Frongia e Bruni hanno avuto anche la capacità di rendere Tiresia una sorta di specchio, sfasato temporalmente in avanti, di Edipo, l’indovino nella sua tenebra visiva, anticipa quella tragica eternità di Edipo, che accecandosi, si scolla dalla successione temporale, per trovare la sensazione di un oscuro “per sempre”. Ferdinando Bruni incarna Laio, la sfinge, Tiresia,il Pastore, il Coro, ma è soprattutto la voce di questa tragedia. Dà una carne fonetica al suo dire, grondante sangue, seduttiva, ventrale, grattata, signficante che è immediatamente significato, personaggio che si scrive il proprio autore. Si muove in questo inferno di Tebe con la sicurezza di Virgilio, di girone in girone rende il gioco serio della maschera maledettamente vero. E gli dei si fanno largo come dolorosi squarci dal suono della sua voce, che ha già l’eco anticipato di tutto il dolore di questa tragedia.

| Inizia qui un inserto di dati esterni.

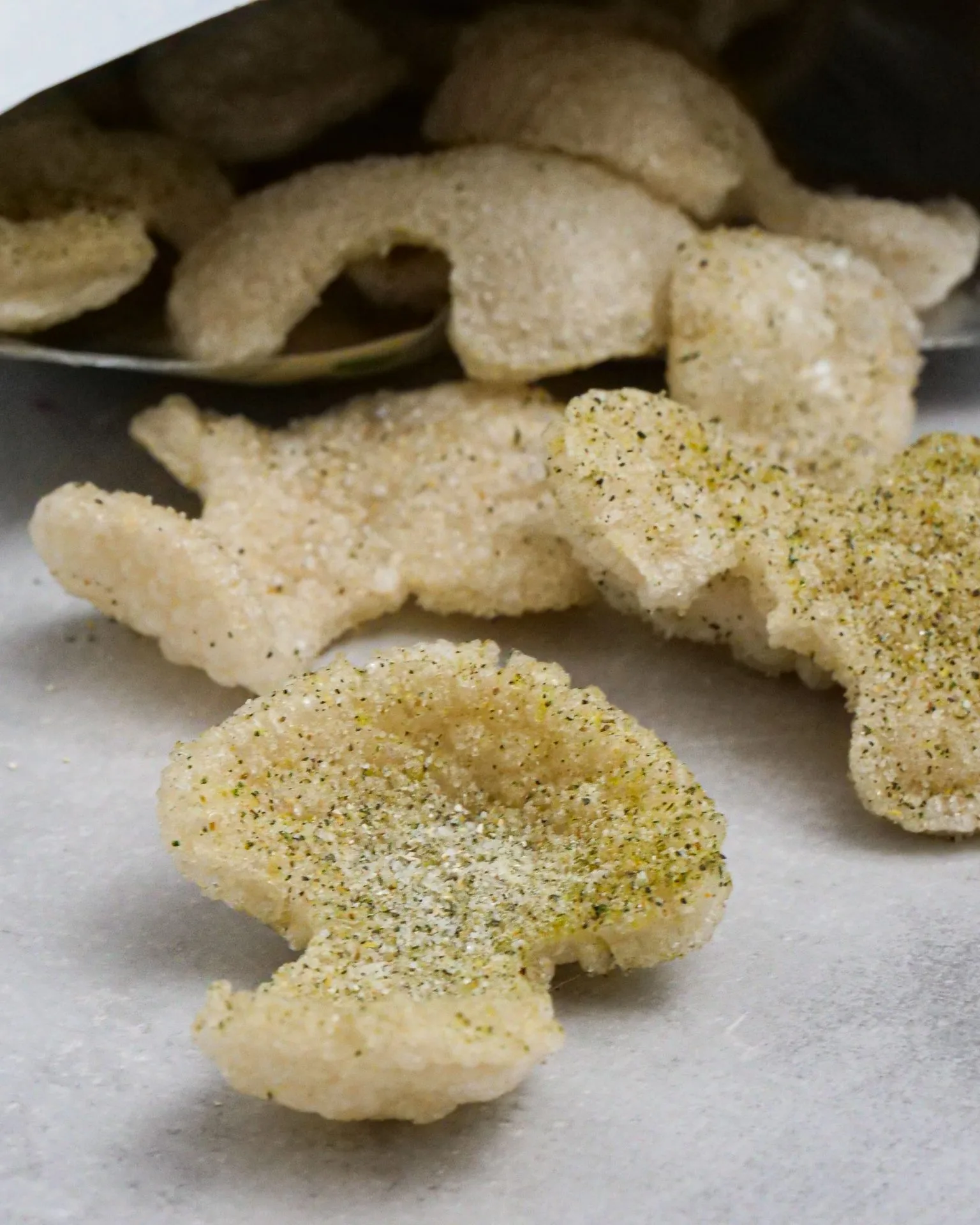 But now back to our mushroom snack. So the should not only convince with depth of flavor, but also visually remind you of snacks that are special in taste. Thus, through the appearance, we also enhance the taste of our snack. To do this, we make a mushroom snack based on starch. Like Krupuk (crab chips), the can be deep fried and when popped reminds one of the crispy crunchy Pork Rinds made from pork rind.
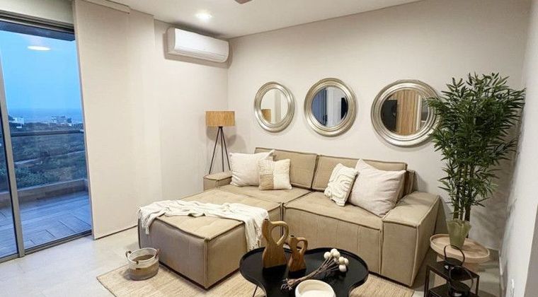 Apartamento de 68.58 m2, consta de sala, comedor, amplios balcones con vista al mar, cocina abierta integral, área de labores, una alcoba, dos baños, parqueadero cubierto. Edificio con todas las amenidades.

Edoardo Barbone è Creonte, Manto, un Messaggero, il Coro, una Voce, si lascia catturare da questo metafisico, e insieme fisico, gioco al massacro giocato soprattutto sul terreno della phonè, I suoi personaggi hanno lo stesso zolfo degli altri, danzano la stessa danza di morte, con passo rallentato, ieratico, orientale. Mauro Lamantia è Voce, Coro, e Giocasta. Si sentono ancora gli umori, nella sua regina, di quel parto socratico del personaggio. Tira fuori dal ventre il femminile archetipico, l’anima junghiana, trova il sangue femminile che non ha, come una traccia atavica, mnestica, strappata a viva forza dal suo dna spirituale. Valentino Mannias è un Edipo terribilmente vero, quanto la verità più scomoda che è lì ad aspettarci di fronte agli occhi. La sua laringe è una camera di tortura dove gli dei si divertono a martirizzare la sua anima. Le maschere e i costumi, insieme arcaici e moderni, danno a questa favola un vestito dark, che sfina il dolore e ne fa tragedia.